» YOUR ASSIGNMENT
Starting from the line with "Hier finden Sie" and going up to and including the line with "Postcard of visitors", copy the listing below exactly. Leave all images out.

[EXERCISE MATERIAL — start]

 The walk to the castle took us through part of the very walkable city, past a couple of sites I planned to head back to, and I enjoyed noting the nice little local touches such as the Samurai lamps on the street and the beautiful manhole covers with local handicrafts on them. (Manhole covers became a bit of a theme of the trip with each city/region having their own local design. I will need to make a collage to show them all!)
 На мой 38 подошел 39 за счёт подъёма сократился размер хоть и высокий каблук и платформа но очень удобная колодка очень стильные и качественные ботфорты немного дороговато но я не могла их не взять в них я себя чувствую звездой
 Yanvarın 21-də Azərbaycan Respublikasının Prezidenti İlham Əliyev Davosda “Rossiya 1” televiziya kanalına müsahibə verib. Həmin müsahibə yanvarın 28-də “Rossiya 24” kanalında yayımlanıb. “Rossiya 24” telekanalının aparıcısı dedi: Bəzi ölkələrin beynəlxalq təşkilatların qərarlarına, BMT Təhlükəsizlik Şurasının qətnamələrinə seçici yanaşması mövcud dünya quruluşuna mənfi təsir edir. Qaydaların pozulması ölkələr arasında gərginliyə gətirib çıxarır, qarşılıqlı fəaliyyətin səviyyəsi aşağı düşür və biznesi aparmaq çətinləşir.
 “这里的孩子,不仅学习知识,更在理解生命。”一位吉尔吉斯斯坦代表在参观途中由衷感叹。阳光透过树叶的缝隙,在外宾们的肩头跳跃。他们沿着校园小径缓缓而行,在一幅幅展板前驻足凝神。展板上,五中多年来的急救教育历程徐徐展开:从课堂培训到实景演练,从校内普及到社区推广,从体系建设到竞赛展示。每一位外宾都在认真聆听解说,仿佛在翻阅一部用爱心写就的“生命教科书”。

[EXERCISE MATERIAL — finish]
[EXERCISE MATERIAL — start]

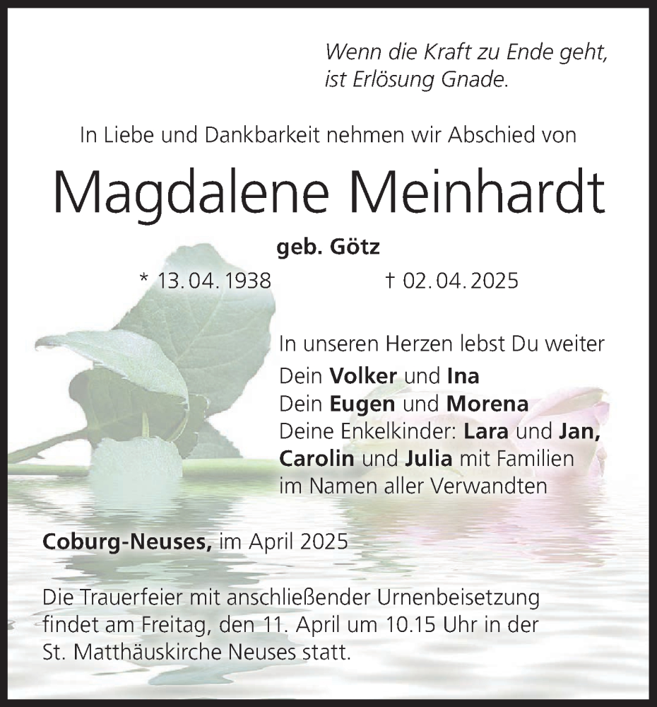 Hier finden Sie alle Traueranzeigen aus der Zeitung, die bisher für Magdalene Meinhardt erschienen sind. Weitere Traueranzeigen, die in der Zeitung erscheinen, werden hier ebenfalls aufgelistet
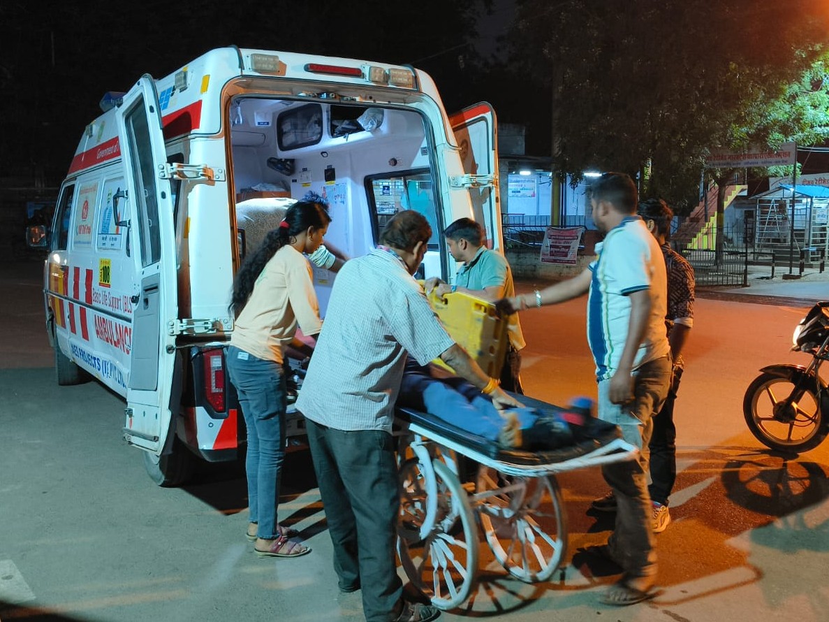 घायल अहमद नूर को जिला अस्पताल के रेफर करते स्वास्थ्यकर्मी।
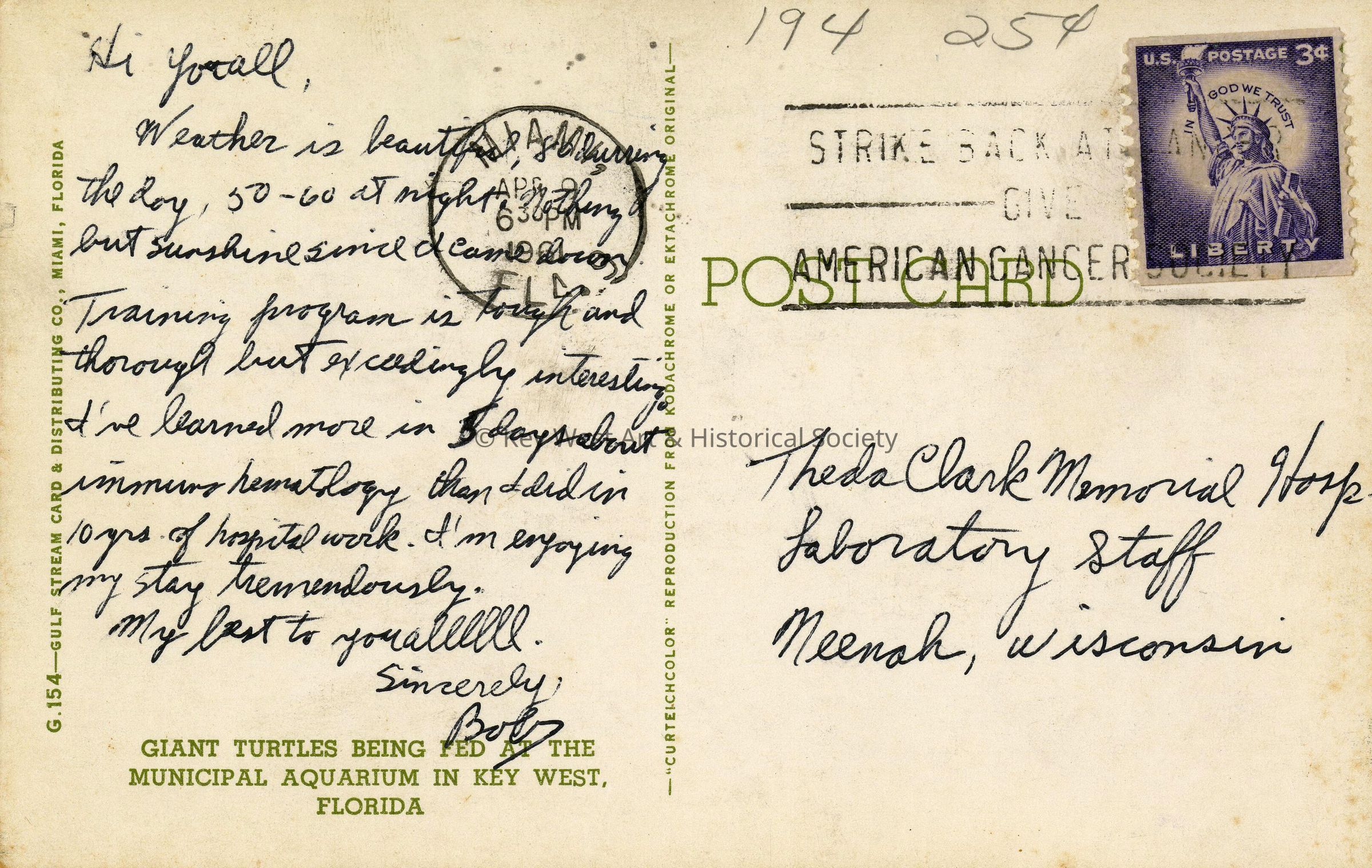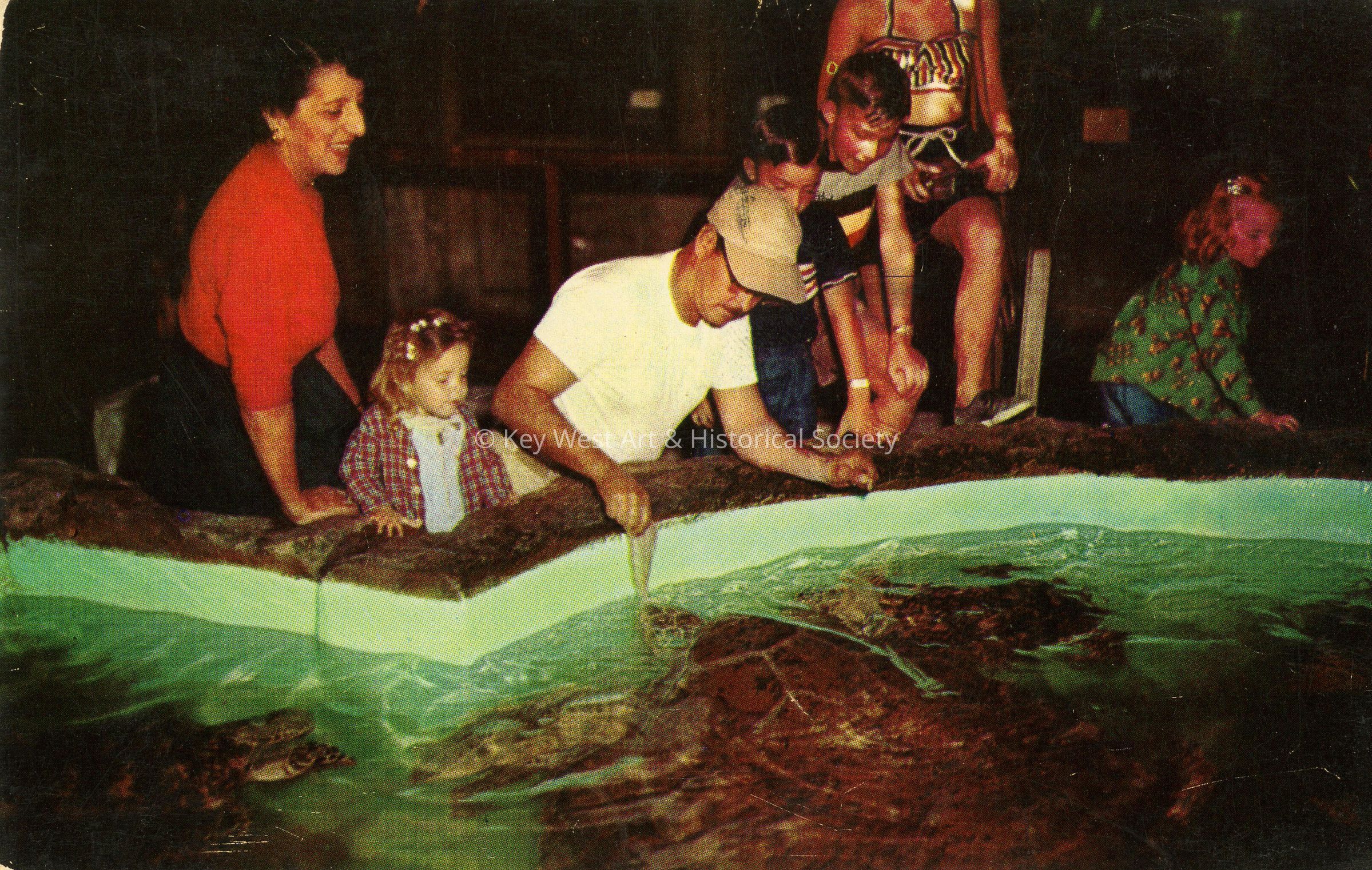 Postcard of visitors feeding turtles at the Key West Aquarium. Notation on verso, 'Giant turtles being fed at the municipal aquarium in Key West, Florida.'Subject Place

[EXERCISE MATERIAL — finish]

» RESULT
 Hier finden Sie alle Traueranzeigen aus der Zeitung, die bisher für Magdalene Meinhardt erschienen sind. Weitere Traueranzeigen, die in der Zeitung erscheinen, werden hier ebenfalls aufgelistet
 घायल अहमद नूर को जिला अस्पताल के रेफर करते स्वास्थ्यकर्मी।
 Postcard of visitors feeding turtles at the Key West Aquarium. Notation on verso, 'Giant turtles being fed at the municipal aquarium in Key West, Florida.'Subject Place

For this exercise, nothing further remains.